Portanto, verifica-se possível dispor do próprio corpo com a utilização das Diretivas Antecipadas de Vontade, conforme a pesquisa jurisprudencial efetuada, em que pese não haver norma específica no ordenamento jurídico brasileiro, excetuando-se as Resoluções ns. 1805 e 1995, ambas do Conselho Federal de Medicina, observantes dos preceitos constitucionais, que possibilitam ao profissional médico que acate à vontade do(a) paciente.

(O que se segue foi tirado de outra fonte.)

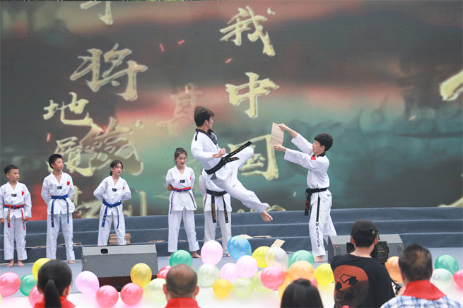 圖為活動(dòng)現(xiàn)場(chǎng)進(jìn)行的跆拳道表演。張皓瑋攝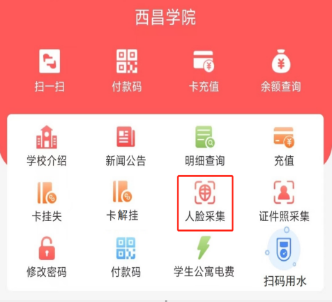 点击【人脸采集】可以在线采集人脸,完成后可在食堂消费机通过刷脸消费。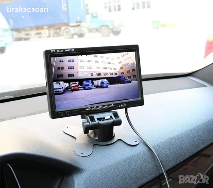 Камера за задно виждане с 7 инча дисплей със стойка и дистанционно 18 бр LED диода HD качество 12-24V за автомобил бус камион каравана джип автобус и др.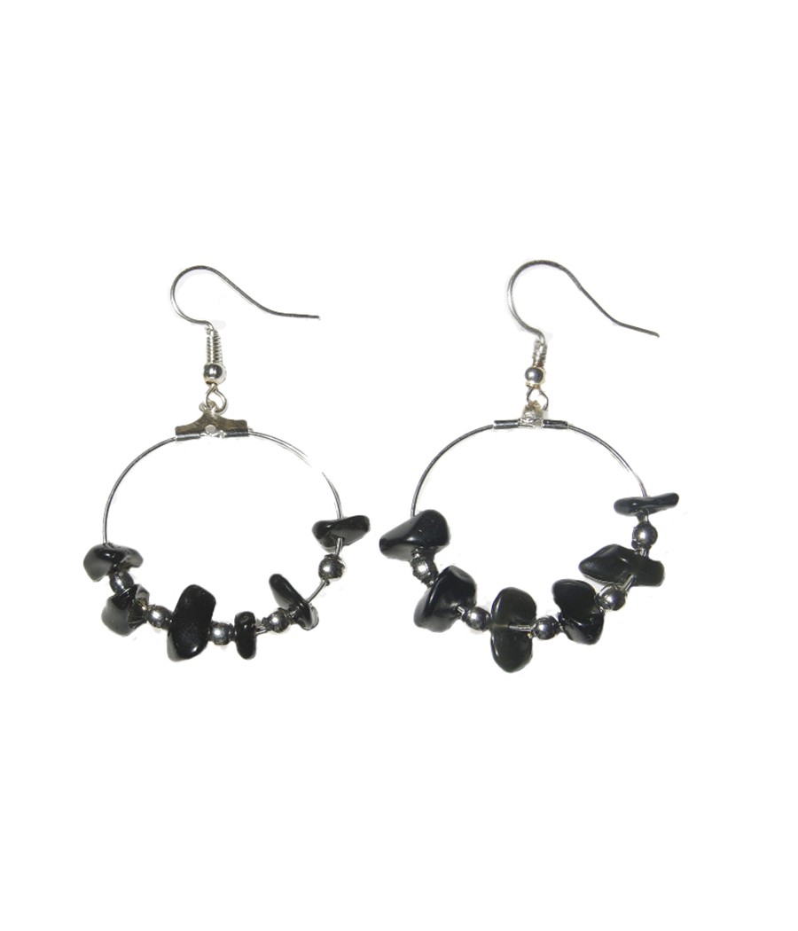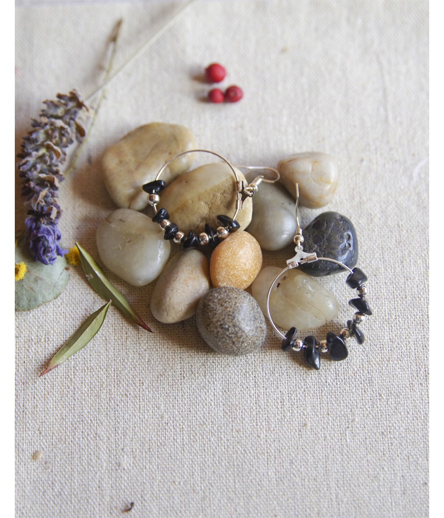 Pendiente de aro colgante, adornado con piedra natural triturada de "Obsidiana".

As decisões que foram trazidas à colação não trataram de medidas judiciais destinadas a validar a autonomia da vontade do paciente em não se submeter a tratamento considerado indigno ou que provocasse mais sofrimento ou, ainda, questionando a validade ou legalidade de algum documento específico, mas de ações judiciais promovidas por entidades de saúde com o intuito de evitar futuras demandas judiciais de cunho criminal e reparatório, além daquela do âmbito administrativo.
O entendimento dos tribunais, até então, assegura ao(à) paciente o direito ao exercício da autonomia da vontade, legitimando o(a) paciente para que faça uso de sua autonomia, via Diretivas Antecipadas de Vontade, uma vez que não se afigura razoável a aplicação de sanção ao profissional médico e à entidade de saúde que realizar tratamento e/ou procedimento requerido (ou não) pelo(a) próprio(a) paciente.